Yeah I have never been a fan of the +one trait while -another trait but I honestly don’t really worry about my thralls perks that much anyway. The main ones I want are vitality anyway.
This is what would be wrong with the choose-your-own-companion method. People would just choose heath and str and then we’d have another nerf to str and vit soon to follow (like the previous thrall nerf). There are ofc uses for all the perks (cimms have a decent hidden ranged modifier) but people dont value archer thralls. This would be an argument for making archer thralls more valuable imo. Rather than saying “I got a useless stat, change perks” I think it would be much better to say “Thralls have these stats that arent as useful; here’s what I would do to make them more relevant.” It turns a whinge into potentially useful feedback.
Are we looking at the same game? Here, maybe I’m blind and you can point out where you see encumbrance in this screen shot:
My Beastmaster Teimos would like to talk to you about the importance of the survival attribute.
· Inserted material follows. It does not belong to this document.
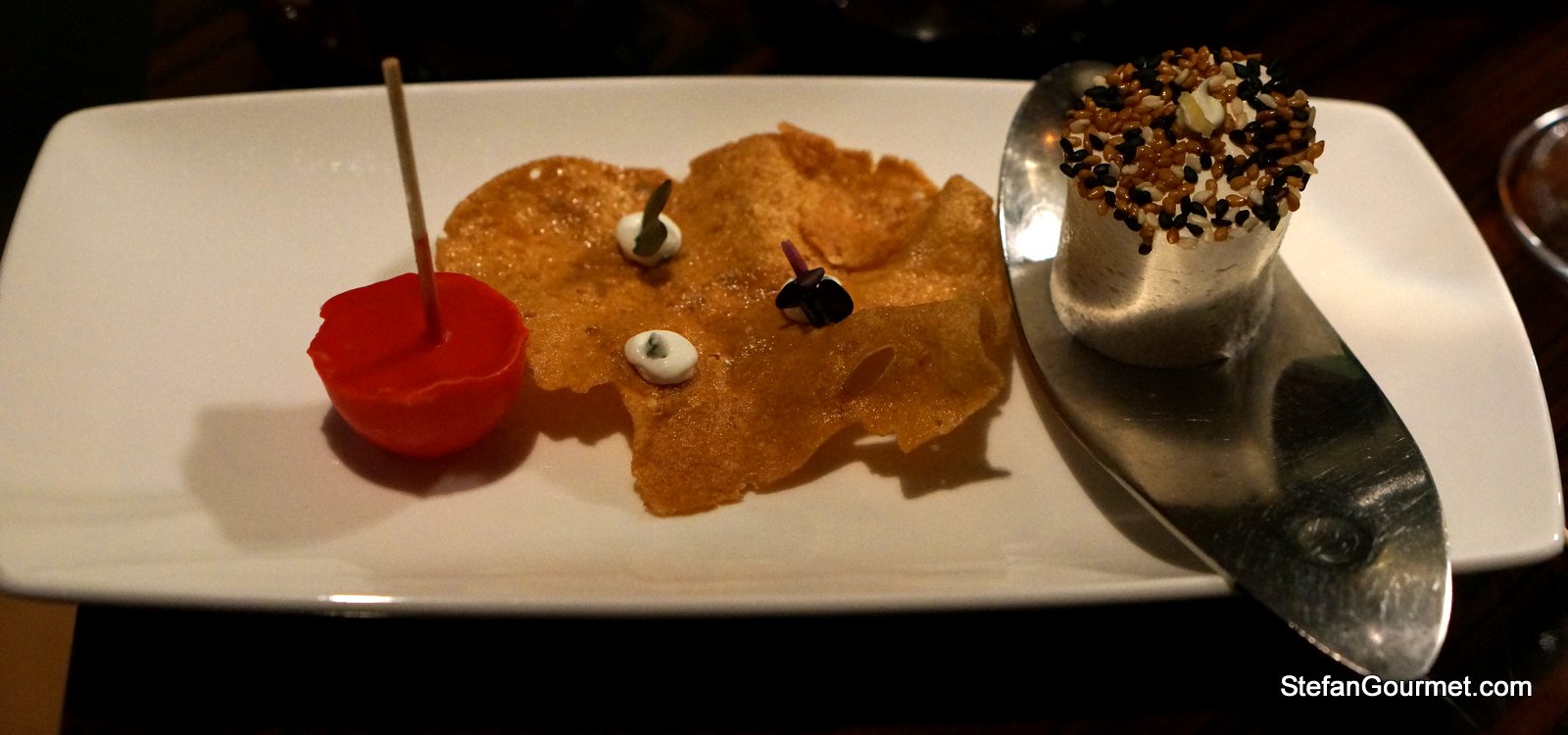 The first set of amuses included a quince lollypop, shrimp cracker, and beer foam with sesame seeds.

Meet him in front of the giant snake in the Citadel of the Triumvirate.
Really, this whole perk problem could be solved easily by making strength also useful for archers and accuracy also useful for fighters. Right now, strength gives damage bonus to melee attacks and accuracy gives damage bonus to ranged attacks. If they made strength also give armor penetration bonus to ranged attacks and accuracy also give armor penetration bonus to melee attacks, we would have no reason to complain about mismatched perks.
It’s not complicated either. It’s just horribly boring. Games aren’t meant to be boring.
And from Crecy through Agincourt we have recordings of archers mowing down armoured knights. Which leads me to question the quality of these stick figure regiments you mention. You are aware that citing events where a group is decisively crushed might be dubious when discussing the optimal form of such a combat style?
Which battle are you drawing this from? The chaotic and poorly documented Bosworth that closed the war the roses or one of the hastily thrown together rebellions?
For that matter, I am curious as to why you are claiming the Longbow was designed for “slight” people. Considering the remains of archers we have discovered (even including those of Magyars whose horsebows were of significantly lesser draw weight) include significant activity induced stress markers indicating noticeable and protracted muscular development along the clavicle, scapula, humerus, ulna, and radius.
Male youths who have been drilled for years in the use of a weapon requiring significant strength (far more than most swords) will be significantly stronger. Especially if they come from a background where manual labour starts early in life. Also, the proper lean draw form (frequently documented in history, almost never replicated in games) does help put one’s weight into play (ignoring that you are claiming the weapon is for those of “slight” build, thus lacking useful weight regardless) but simply put, unless the arms, shoulders, back, and fingers can repetitively hold the weight long enough to raise the bow to the angle for volley (since you are talking about conscripts), it doesn’t matter. Longbows don’t get easier to hold once drawn to full, quite the contrary. Snapshots, which do not draw to full and then loose are not possible with the lean pull as the position of the bow does not start in line with the target. This is exasperated by the minimum rate of loose being 12 (I’ve read some that indicate 20, but I think they may be exaggerating, especially given the typical arrow bundle counts) per minute in drill. Repetition builds fatigue in unconditioned bodies with extreme alacrity. While good technique well absolutely help one’s physical exertions, this is something anyone who has lifted knows, it also supplements and compliments, rather than replaces the power required.
Your draw weight is also curious. The very basement of historical examples surviving is 80lb, with question as to whether those were even bows for war. Warbows tend to basement at 90 while the median of those found on the Mary Rose run 135-160. Why low-ball?